$S_{P2} = \{p \mid p: \mathrm{prime} \wedge (\exists x_1, x_2 \in \mathbb{Z}, p = x_1^2 + x_2^2) \}$ is the set of all primes that can be represented as the sum of two squares. The function $S_{P2}(n)$ gives the $n$^th prime number from the set $S_{P2}$. Now, given two integers $n$ ($0 < n < 501$) and $k$ ($0 < k < 4$), find $p(S_{P2}(n), k)$ where $p(a, b)$ gives the number of unordered ways to sum to the given total ‘$a$’ with ‘$b$’ as its largest possible part.

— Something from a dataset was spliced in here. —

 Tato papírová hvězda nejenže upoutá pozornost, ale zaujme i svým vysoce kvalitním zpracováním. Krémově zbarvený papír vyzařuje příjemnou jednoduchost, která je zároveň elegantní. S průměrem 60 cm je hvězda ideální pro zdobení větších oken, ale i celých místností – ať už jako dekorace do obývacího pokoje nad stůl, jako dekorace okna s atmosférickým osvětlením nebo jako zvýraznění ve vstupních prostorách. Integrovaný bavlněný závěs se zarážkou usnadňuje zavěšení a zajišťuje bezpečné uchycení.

For example: $p(5, 2) = 3$ (i.e. $2+2+1$, $2+1+1+1$, and $1+1+1+1+1$). Here $5$ is the total with $2$ as its largest possible part.

Input

The first line gives the number of test cases $T$ followed by $T$ lines of integer pairs, $n$ and $k$.

Constraints

• $0 < T < 501$
• $0 < n < 501$
• $1 < S_{P2}(n) < 7994$
• $0 < k < 4$

Output

The $p(S_{P2}(n), k)$ for each $n$ and $k$. Append a newline character to every test cases’ answer.

Example

Input:
3
2 2
3 2
5 3
Output:
3
7
85